Boris Karloff introduce la pellicola e ci accompagna sino alla fine con la sua presenza da voce e immagine fuori campo. Il telefono è il primo episodio, definito da Fabio Giovannini come un piccolo capolavoro del brivido a base di coltellate e strangolamenti in una stanza da letto claustrofobica. Non siamo così entusiasti e lo riteniamo il più debole dell’intera opera, ma la tensione è ben espressa e si affrontano temi nuovi per il cinema italiano (l’amore lesbico tra le protagoniste). I wurdalak vede Boris Karloff nelle vesti del vampiro-zombie della tradizione slava e la sua interpretazione fa dimenticare alcuni dialoghi che risentono del tempo passato (le scene d’amore tra Sdenka e Wladimir su tutte). L’atmosfera di terrore è notevole e i colori cupi della fotografia contribuiscono a rendere realistica una storia fantastica. La goccia d’acqua è davvero un piccolo capolavoro. Il padre di Bava, Eugenio, scolpisce la maschera della morta, vera protagonista dell’episodio che tormenta l’autrice di un furto sacrilego. Il terrore quotidiano è reso molto bene e l’intervento del soprannaturale si innesta soltanto alla fine in una storia ben congegnata per tensione e ritmo. I protagonisti dei tre episodi si trovano in un luogo chiuso alle prese con le loro paure. Sorprendente il finale con Boris Karloff a cavallo di un manichino che svela agli spettatori i trucchi di scena, quasi per tranquillizzare. I tre volti della paura ha successo negli Stati Uniti, dove esce come Black Sabbath, e ancora oggi gode dello status di cult movie.

Talmente cult che ha dato il nome al famoso gruppo rock inglese anni settanta, antesignani del metal, in particolare del doom metal.

Sei donne per l’assassino (1964) è di pochi mesi dopo e segna il ritorno al giallo anticipando tematiche tipiche di Dario Argento. La fotografia dai colori brillanti e violenti è il dato caratteristico di una pellicola che possiamo definire un thriller orrorifico. Per uccidere si cominciano a usare normali oggetti del quotidiano come coltelli e rasoi, il killer si aggira con un impermeabile nero e viene rappresentato come un signore del male con cui è impossibile lottare. Dario Argento si ispira a questa pellicola per realizzare Profondo Rosso.

Terrore nello spazio (1966) rappresenta un’incursione nel fantascientifico che si avvale della sceneggiatura di Alberto Bevilacqua, Callisto Cosulich e Antonio Romano. Gli effetti speciali sono tipici del cinema fanta-horror e il colpo di scena finale vale da solo l’intero film. La pellicola viene girata in grande economia, utilizzando rocce di plastica, zampironi fumogeni e scenografie di fortuna. Il risultato raggiunto rappresenta un vero miracolo e il film ricorda Alien, anticipando un prodotto statunitense.

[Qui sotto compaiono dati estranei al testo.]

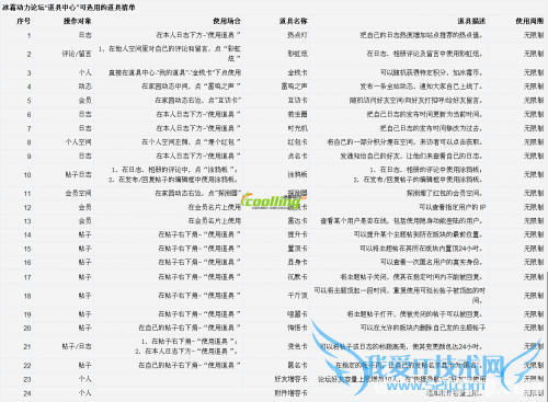 1)所有的道具均使用论坛积分的“经验值”按其价格进行购买自己使用或赠送给其他会员;道具的回收价格为定价的80%,可以允许所有能使用道具的用户组将道具退货给论坛。

Operazione paura (1966) segna il ritorno di Bava all’horror puro. La storia è una raffinata vicenda gotica calata in un’atmosfera fantastica e resa in una credibile ambientazione settecentesca. Bava lo ritiene il suo film migliore, in un’intervista Luigi Cozzi si rammarica per un presunto plagio perpetrato da Federico Fellini. Il regista romano riprende per il suo Toby Dammitt l’idea della bambina fantasma che gioca a palla, ma a noi fa piacere pensare che si sia trattato non tanto di un plagio ma di una sorta di omaggio. Operazione paura è il classico horror anni Sessanta a base di cripte, notti ventose, castelli maledetti e donne vampiro. Un film girato in economia nel quale solo la maestria di Bava rende realistici scenari realizzati in studio.

Accade anche in Diabolik (1968), dove la produzione De Laurentiis obbliga il regista a realizzare il film con duecento milioni. Era il periodo del boom dei fumetti neri e l’operazione doveva essere soprattutto commerciale… Bava ricorda l’esperienza di Diabolik come uno degli episodi più allucinanti della sua carriera. Deve girare un film ricorrendo a modellini e fotografie ritagliate al momento e utilizzate per ovviare allo squallore della scenografia. Tant’è vero che rifiuta con decisione di lavorare alla seconda parte del film, quel Diabolik alla riscossa che la produzione gli propone subito, dopo il successo di Diabolik. Mario Bava sa far rendere al massimo il poco che i produttori gli mettono a disposizione, da grande artigiano del cinema, ma a causa della sua fama tutti pretendono miracoli.

In tema di cinema fantastico non dobbiamo dimenticare che, tra il 1968 e il 1969, Bava cura lo stupendo episodio di Polifemo per la riduzione televisiva dell’Odissea. Lo sceneggiato fa furore e contribuisce a divulgare la conoscenza del poema epico nelle case di milioni di italiani. Polifemo è un eroe tragico, muove a sentimenti di compassione e pena, ma il regista lo realizza con una maschera terrificante. Per il trucco Bava è davvero un maestro.

Il rosso segno della follia (1969), che il regista definisce la storia del solito pazzo, è uno dei suoi film più studiati e meglio riusciti. Anticipa i futuri thriller di Dario Argento e approfondisce la psicologia contorta dell’omicida. Il protagonista è un assassino dalla sessualità repressa e deviata. Cinque bambole per la luna d’agosto (1969) è la rilettura di Dieci piccoli indiani di Agata Christie, un film da dimenticare, girato in fretta e poco ispirato. Lo stesso Bava lo ritiene il suo lavoro peggiore, fatto solo per motivi alimentari.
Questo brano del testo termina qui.